The report, compiled by a group of six media, economic and workplace-relations experts led by Haifa University’s Dr. Roei Davidson, concluded that institutional barriers are hampering efforts being made by various business organizations to cover business in a more creative and critical manner.

Pointing out that the five major Hebrew language news and business dailies (Yediot Aharonot, Ma’ariv, Ha’aretz, Israel Hayom and Globes) are owned by a few powerful businessmen, the report said Israel needed to follow the example of the United States, where it claimed the financial press has flourished since the global financial crisis.

“There should be an effort to strengthen public media organizations alongside the existing commercial media through public funding (for example, via a license fee) and philanthropic funding,” the report said. “Such organizations would not replace the commercial media, but as seen from the situation in the US, could contribute to more pluralistic financial discourse.

“Most importantly, they could pave the way for a more ‘muscular’ investigative financial press, which requires considerable resources and layers of insulation from outside influences.”
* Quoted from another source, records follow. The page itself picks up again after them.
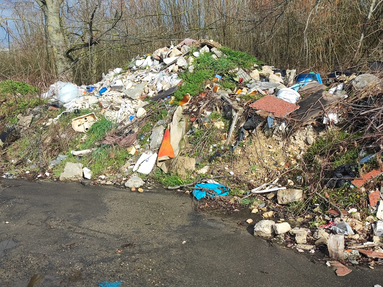 D'importants dépôts de déchets ont été constatés sur les bords d'un chemin agricole. Du fait de l'ampleur de ces dépôts, et de la régularité des apports de déchets, il peut s'agir d'une décharge illégale.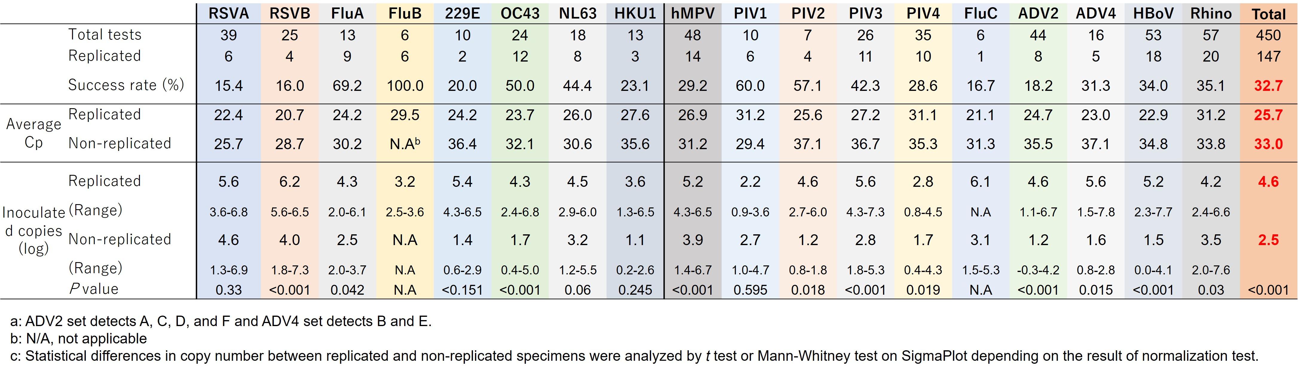 これら複数同時陽性事例や、低コピー陽性例における感染性ウイルスの存在を調べるためには、ウイルス分離を行うことが一番であるが、問題は急性呼吸器ウイルスの分離方法であり、通常の株化培養細胞では分離できないウイルスも多く存在する。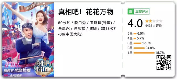当年[康熙]扣除两位主持人酬劳,单集制作费是50万元台币(10万人民币),而这次[花花万物]单集制作费则是5000万元台币(1000万人民币),相差一百倍的金额,却换来更尴尬且糟糕的效果。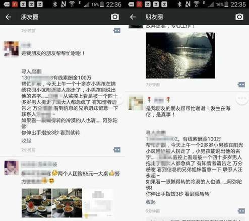 6月23日消息,有网友在朋友圈转发一则寻人信息,一个十多岁的小男孩在锦绣花园小区被拐走,这一消息请求转发扩散,并且提供线索酬金100万,但没有具体城市地区位置信息,被拐的孩子联系人是“汪某某”。很多网友都留言转发了这一信息,并且也请求其他朋友转载。不过,记者调查发现,这一寻人信息是一则虚假的信息,360手机安全专家则表示,其中的电话号码很可能被更换,网友不要贸然拨打。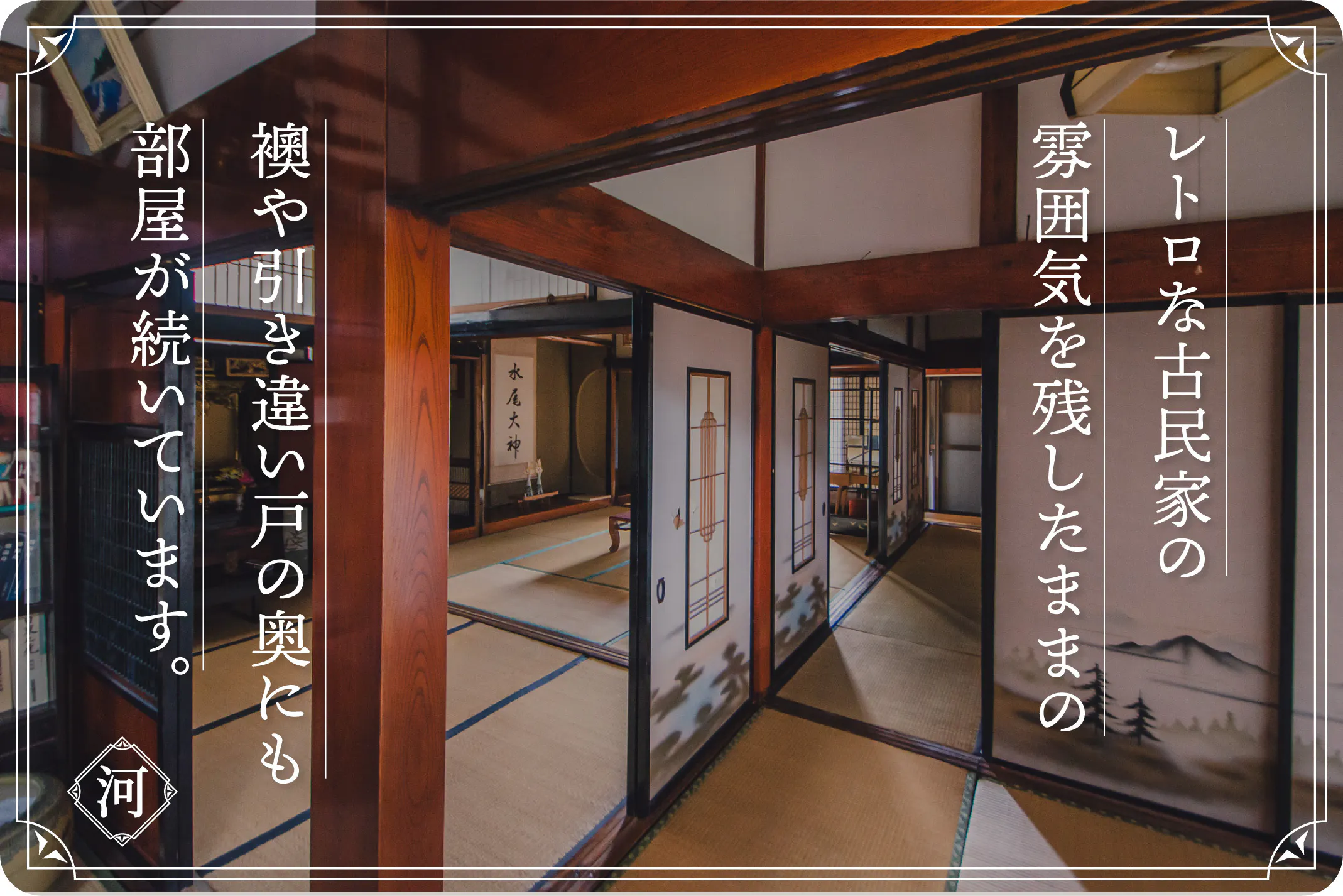 玄関引き戸を開けると目の前に広がる圧倒的迫力のエントランスホール。昔ながらの振り子時計や古い調度品、筆文字の額縁など、当時残されたままの姿で古き良き時代を表現しています。畳をめくると姿を現す囲炉裏を活かし、昔の暮らしを体験できる空間となります。

The report urged existing media organizations to invest more in employee training and wages, saying it would improve their products in the long run. It said it recognized the importance of recent attempts by journalists to unionize, adding that such an initiative would not only improve employee bargaining power but also improve the quality of business journalism.

An IDI poll conducted ahead of the conference found that only 40.8 percent of university-educated people and 27.4% of non-university educated people believe the media are objective. The poll also found that 44.9% of Jews believe the financial press is objective, as opposed to only 10% of Arabs.